Oh!Vargas celebra o 25 de Abril com língua de vaca com puré e outras memórias de 1974
O restaurante de Santarém, cidade de onde partiu a coluna chefiada por Salgueiro Maia, propõe uma série de pratos a recordar os anos 70.
O que é que comíamos em 1974? As memórias são muito pessoais, por isso nunca poderá haver consenso sobre um menu que nos transporte de volta aos tempos da revolução, mas é possível tentar. É o que acontece no restaurante Oh!Vargas, em Santarém, que, entre 25 e 30 de Abril, vai servir alguns pratos que são familiares para quem já era nascido no ano em que Portugal conquistou a democracia, numa espécie de “Conta-me como foi” gastronómico.
Língua de vaca com puré de batata, por exemplo – já é raro encontrar nos restaurantes portugueses este prato que há meio século era comum em muitas das nossas casas. E os ovos verdes? Trabalhosos, é certo, mas populares numa época em que a vida era menos acelerada e era possível dedicar mais tempo a uma receita.
Para chegar ao conjunto de pratos que estarão disponíveis no Oh! Vargas (em complemento à carta habitual), os proprietários Manuel Vargas e Teresa Esteves, com a ajuda da consultora Joana Pratas, foram procurar gastrónomos que tivessem memórias de 1974: os jornalistas Paulo Salvador, Manuel Gonçalves da Silva e Duarte Calvão, do blogue Mesa Marcada, e ainda Virgílio Gomes, investigador e autor de vários livros sobre gastronomia.

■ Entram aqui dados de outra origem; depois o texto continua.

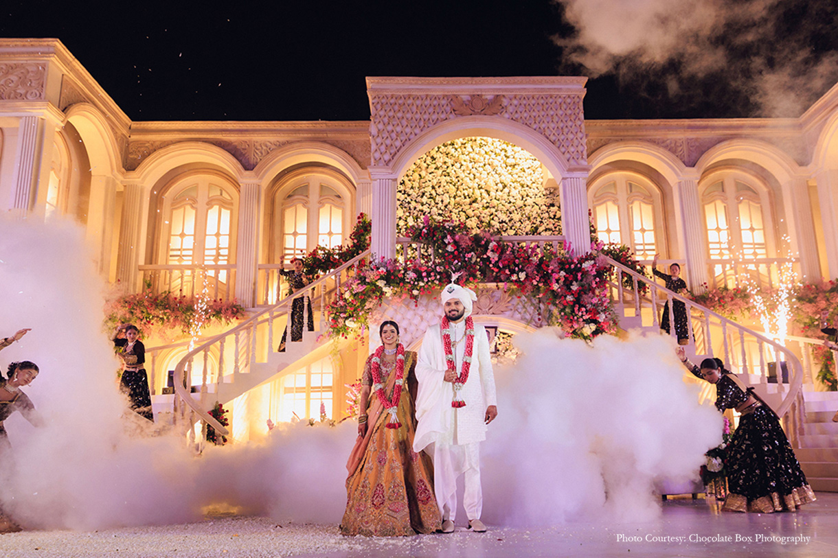 Akansh and Himanshu share, “Darshini and Sourabh’s wedding was a seamless blend of grandeur and emotion. The vibrant baraat, royal swagat, and cinematic varmala set a majestic tone, with Sourabh arriving on a regal chariot and Darshini making a breathtaking entry from a two-storeyed stage, framed by dancers and dramatic lighting. As fireworks lit up the sky and music soared, their garland exchange became a moment of pure magic.”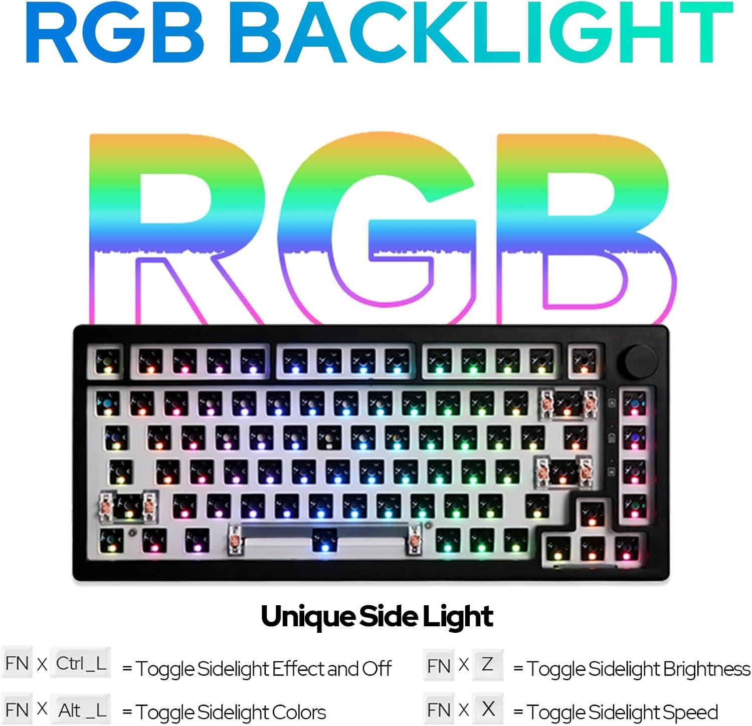 EPOMAKER Aura75 75% Mechanical Keyboard Kit, Hot Swappable Custom Keyboard Kit, 2.4Ghz/Bluetooth 5.0/USB-C Wired Wireless Gaming DIY Kit, with Silicone Pad, RGB Backlight for Win/Mac/Gaming (Black)
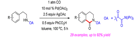 Pd-catalyzed regioselective coupling of β-C(sp2)–H bonds in aromatic amines protected by oxalyl amide with carbon monoxide is reported. The reaction could tolerate various functional groups and could afford good to excellent yields of the corresponding 3,4-dihydroisoquinolinone derivatives. Remarkably, it could also tolerate β-arylethylamino acid and thiopheneethylamine derivatives, thus showing their potential for producing several important units for bioactive compound synthesis.
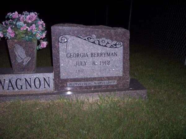 | Wagnon, Georgia Berryman - NEW WITH PHOTO 1-23-2009 | 8 July 1912 | 13 Apr 1979 | Double Stone with Rev. Floyd A. Wagnon "ALWAYS LOVING, ALWAYS LOVED" [w/o Rev. Floyd A. Wagnon] | JG |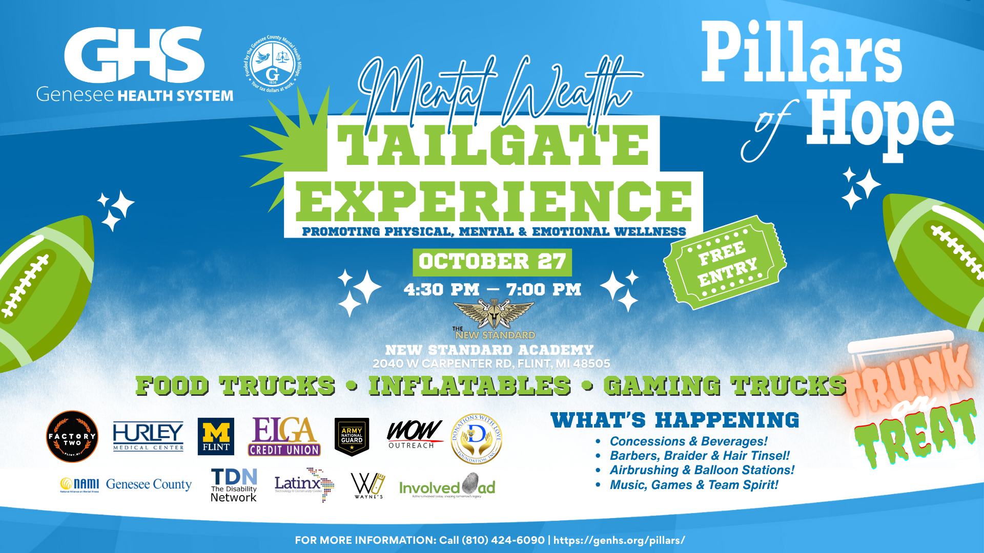 Genesee Health System (GHS) has partnered with New Standard Academy to host the Pillars of Hope: Mental Wealth Tailgate Experience on Monday, October 27, from 4:30 to 7:00 p.m. at New Standard Academy, 2040 W. Carpenter Rd., Flint, MI 48505.

As memórias eram muitas e diversas, mas algumas coincidiam. Paulo Salvador, que nasceu em Angola, no Lubango (ex-Sá da Bandeira) e passou grande parte da sua infância em Luanda, só veio para Portugal em 1975 e recorda que nos primeiros tempos viveu numa pensão, onde todos os dias eram servidos pratos diferentes.
Não esqueceu o Pudim Boca Doce, sobremesa frequente na pensão, mas a língua de vaca com puré faz também decididamente parte das suas memórias, e é com exclamações de prazer que prova a que o chef Rui Lima Santos preparou para a carta do Oh! Vargas.
Desta vez, Rui Lima Santos conteve a sua criatividade e optou por seguir as receitas tradicionais. Só assim as pessoas poderão reconhecer os sabores das suas infâncias ou juventudes. E lá está o caldo verde (4€), com generosas rodelas de chouriço, que se distingue apenas pela cor do caldo, mais escuro, não só porque as carnes foram cozinhadas nele como por ter sido feito numa panela de ferro fundido.
Nas entradas, há ainda carapauzinhos de escabeche (6€) e os incontornáveis ovos verdes (6€). Da lista de pratos sugeridos pelos especialistas, chegou-se, para os de peixe, aos pastéis de bacalhau com arroz de tomate (13€), impecavelmente fritos, e ao pargo assado no forno (21€), talvez menos característico do que outras sugestões que ficaram no papel (mas não é de excluir que venham a ser recuperadas no futuro), como os filetes de pescada com salada russa.
Nas carnes, para além da língua (15€), há umas deliciosas salsichas frescas com couve lombarda e arroz. E nas sobremesas, é difícil a opção entre a pêra bêbeda (4€) e o arroz-doce tradicional (4,50€). Muitas outras memórias ficaram de fora, mas Joana Pratas sublinha que este é apenas o primeiro ano de um projecto que deverá ter continuação em todos os aniversários da revolução.
Afinal, foi da Escola Prática de Cavalaria de Santarém que, na madrugada do 25 de Abril, partiu a coluna chefiada por Salgueiro Maia, que viria a tornar-se o mais emblemático dos Capitães de Abril. Manuel e Teresa acreditam que o seu restaurante deve ajudar a que não se perca a memória da importância desta cidade na história recente do país.
O Oh! Vargas tinha aberto um ano antes, em 1973, quando os pais de Manuel, Olívia e Vítor, recentemente falecido, decidiram transformar o local onde, durante a década de 60, o avô Manuel “servia lanches e assava leitões para os amigos” num restaurante mais clássico. Hoje nas mãos de Manuel e Teresa, o Oh! Vargas, que sofreu uma profunda remodelação em 2019, tem duas salas (uma delas para grupos e eventos), uma garrafeira com mais de 400 referências e tornou-se paragem obrigatória para quem passa por Santarém, gosta de boa comida e aprecia, como Paulo Salvador, fumar um charuto à sombra da belíssima glicínia centenária que se espraia sobre a esplanada.